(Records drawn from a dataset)

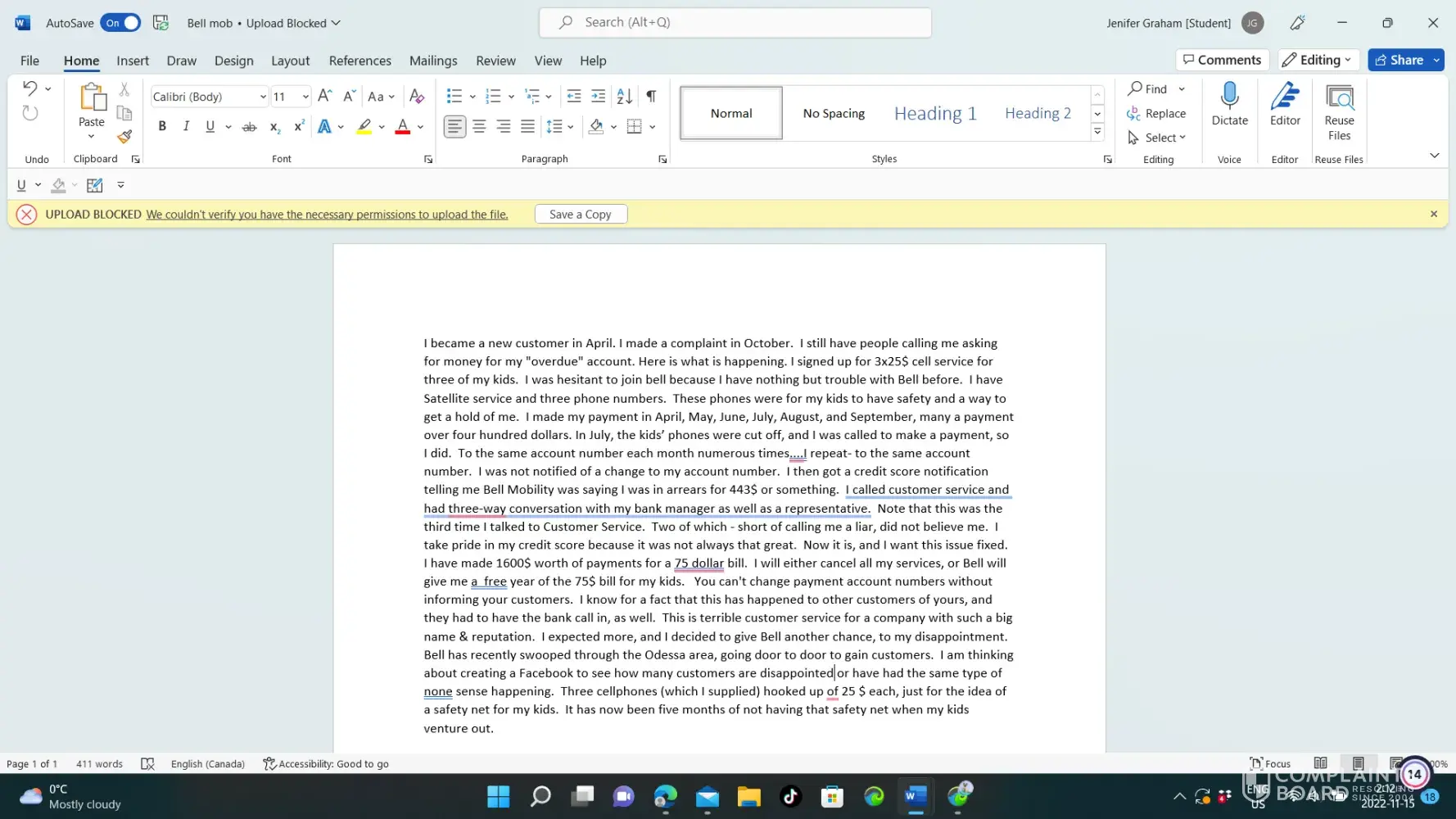 Desired outcome: I want a genuine apology consisting of Bell taking ownership of their mistake compensation credit one bill account reflecting serious nature of situationinformation regarding account changes that bell may have made now
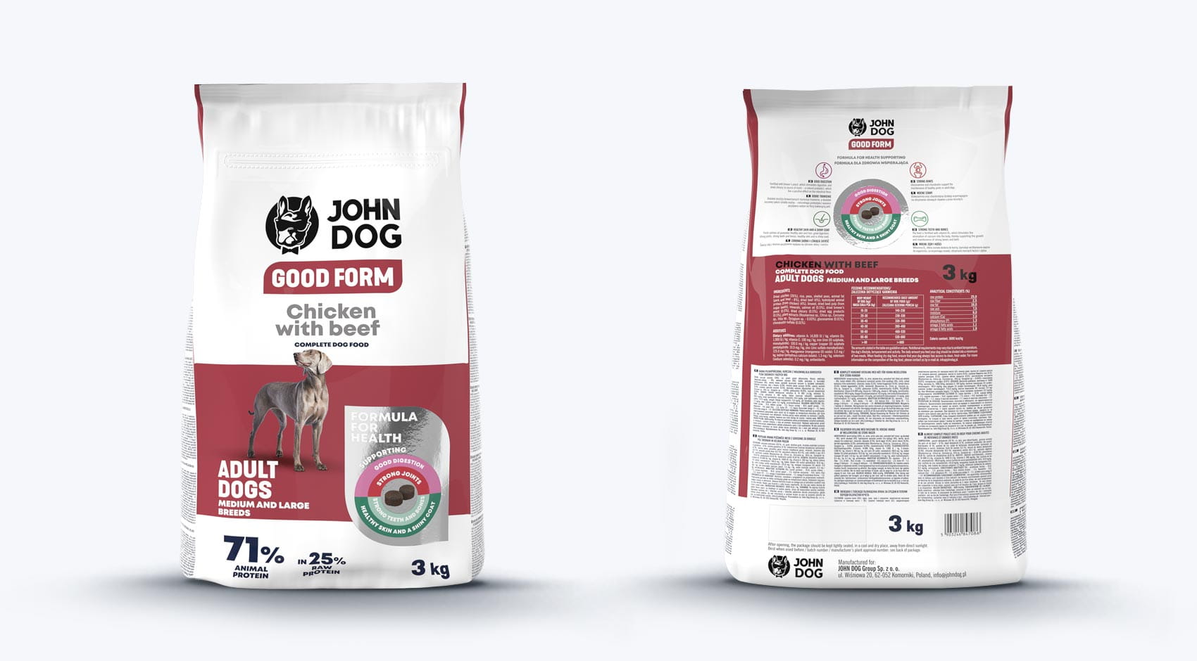 Linia John Dog Good Form obejmuje karmy suche opracowane z myślą o zdrowiu i dobrostanie psów. Receptury przygotowano we współpracy ze specjalistami żywienia zwierząt, aby zapewnić kompletne żywienie dla psów różnych rozmiarów i w różnym wieku.
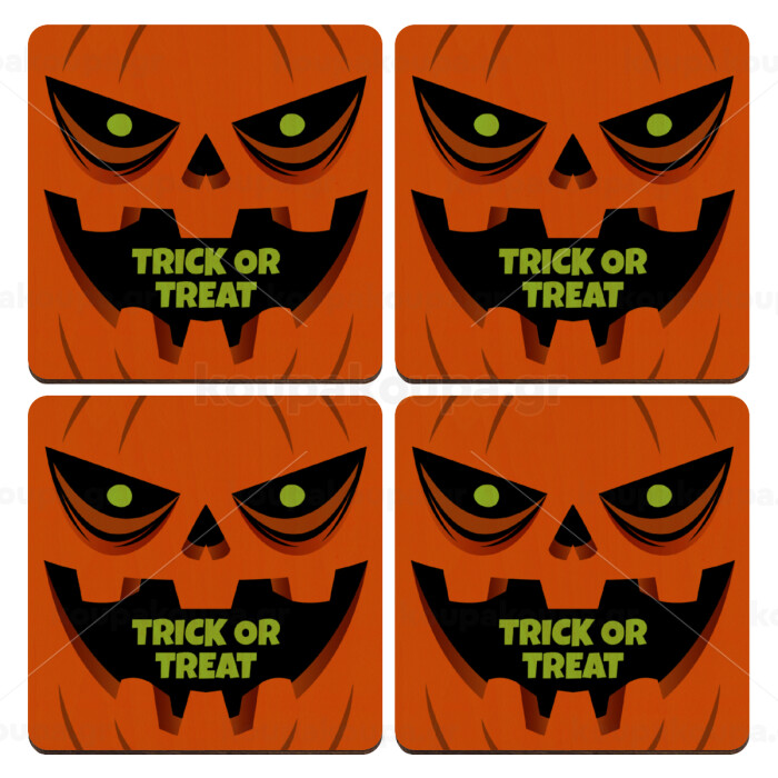 Halloween trick or treat Pumpkins, ΣΕΤ x4 Σουβέρ ξύλινα τετράγωνα plywood (9cm)
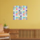 Es handelt sich um ein trendiges und stilvolles Design mit mehrfarbigen Quadraten, die in einem karierten Muster auf einem neutralen Gitterhintergrund angeordnet sind. Die Quadrate sind in verschiedenen Farben wie Blau, Grün, Rosa, lila, Gelb, Grau, Orange und Regenbogenpastelltönen gehalten und bilden ein einzigartiges geometrisches Schachbrettmuster.
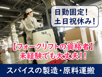 <<エリア高時給1400円!!>>日勤固定勤務!体を動かしたい方におすすめ☆原料の運搬とスパイスを機械に投入するカンタン作業♪

DIRECTIONS FOR THIS TASK:
The answer is the run of lines from the one with "Halloween trick or" through the final line of the data, copied exactly, and nothing else; no pictures.

FINISHED TASK:
 Halloween trick or treat Pumpkins, ΣΕΤ x4 Σουβέρ ξύλινα τετράγωνα plywood (9cm)
 Es handelt sich um ein trendiges und stilvolles Design mit mehrfarbigen Quadraten, die in einem karierten Muster auf einem neutralen Gitterhintergrund angeordnet sind. Die Quadrate sind in verschiedenen Farben wie Blau, Grün, Rosa, lila, Gelb, Grau, Orange und Regenbogenpastelltönen gehalten und bilden ein einzigartiges geometrisches Schachbrettmuster.
 <<エリア高時給1400円!!>>日勤固定勤務!体を動かしたい方におすすめ☆原料の運搬とスパイスを機械に投入するカンタン作業♪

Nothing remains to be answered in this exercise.